Taking Kehua Biotechnology as an example, the loss of control of the company's subsidiary was caused by the substantial increase in the performance of the acquired subsidiary and the parent company's refusal to pay the high remaining investment price.

  It is understood that the acquisition of Tianlong Company's equity by Kehua Biotechnology is divided into two stages. In the first stage, after obtaining 62% of Tianlong Company's equity at a consideration of 554 million yuan, in the second stage, the two parties agreed to deal with the remaining 38% of the shares in 2021. , the acquisition price is based on 1.2 billion yuan or 30 times the target net profit after deduction in 2020; it can also be acquired at 900 million yuan or 25 times the target net profit after deduction in 2020, and finally complete the acquisition of 100% equity of Tianlong Company. Overall acquisition.

However, Tianlong's main product is anti-epidemic materials, and its performance in 2020 has exploded, resulting in the price of the remaining 38% stake exceeding 10 billion yuan.

  There are also cases where the original shareholders used various means to refuse to cooperate with the audit work because the performance did not meet the standards, resulting in the loss of control of the subsidiary.

It is understood that a listed company previously acquired a 55% stake in another company with 390 million yuan in cash, but its performance changed after the acquisition. In 2017 and 2018, the acquiree did not fulfill its performance commitment. According to the performance gambling agreement, The original shareholders should pay a total of more than 200 million yuan in cash compensation to the listed company.

But in the end, because the acquiree (ie the subsidiary) refused to cooperate with the audit work of the listed company, it was in a state of "out of control".

  An industry insider told the "Securities Daily" reporter, "Most of the out-of-control subsidiaries are born due to mergers and acquisitions. The common practice of listed companies is 'high premium mergers and acquisitions + performance betting', closing deals at high premiums, and locking in risks with performance betting And tie down the core team of the acquisition target. Under such a system arrangement, the listed company must and must only fully delegate power to the core team of the acquisition target, which has paved the way for the loss of control of the subsidiary.”

  Kuang Yuqing, founder of Lens Company Research, said frankly in an interview with a reporter from Securities Daily: "Because in the process of mergers and acquisitions, listed companies cannot make comprehensive changes to the management team of their subsidiaries, and many businesses rely on the original management team. When there are disputes over issues such as performance betting, there will be common situations such as subsidiaries not cooperating with audit investigations and the implementation of company management strategies.”

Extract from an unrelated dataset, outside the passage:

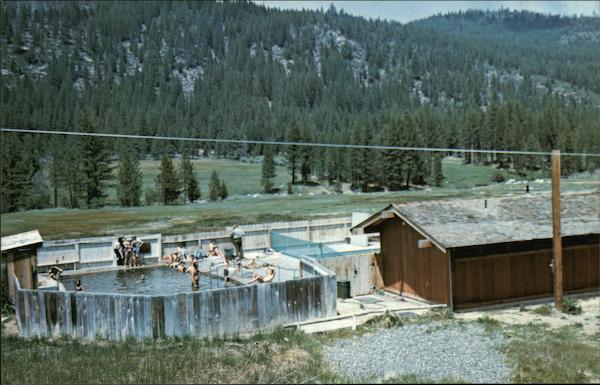 | The water for this pool is channeled from natural hot mineral springs in the Grover Hot Springs State Park. Pool temperature is approximately 105 degrees. The dressing rooms and wind screens are constructed of century old lumber brought down from Silver Mountain City |

 A major "minefield" in the annual report disclosure season

  上市公司因“子公司失控”苦不堪言。如科华生物称,如果失去对天隆公司的控制合并,会对公司合并财务报表业绩带来重大影响;另外一家上市公司发布公告表示,已对全资子公司失去控制,预计将减少上市公司2021年度净利润约17.67亿元。又如,长江健康因对子公司失去控制,决定自2020年1月起,不再将华信制药纳入合并报表范围,长江健康将华信制药出表,并计提商誉减值6.64亿元。

  “子公司失控”是年报披露季的一大“雷区”。子公司失去控制后,上市公司因此而卷入业绩变脸、遭遇监管关注、甚至涉嫌信息披露违法违规被立案调查等尴尬境遇的不在少数。

  “子公司失控对上市公司的影响,具体要看其在上市公司业务或资产版图中的重要性,若是核心业务,影响较为严重;若只是边缘业务的话,影响可能不太大。”况玉清表示,整体上看,无论是不是核心业务,若子公司不配合审计导致审计缺失,上市公司的合并财务报表将不完整。

  郭耀森认为,上市公司要避免子公司失控的隐患,核心还是要从财务、印鉴、资金管理和生产经营决策方面加强对子公司的控制,比如在资金管理方面,子公司需制定大额资金使用、融资及担保事项的审批制度和报告制度,由上市公司委派管理人员或上市公司控制的董事会履行决策程序。

  “建议上市公司在并购或设立子公司的时候做好顶层规划,并通过法律文件落实股东和经营者的责任。” 锦华基金总经理秦若涵向《证券日报》记者表示,上市公司需要在并购前做好事前调研,提前“避雷”。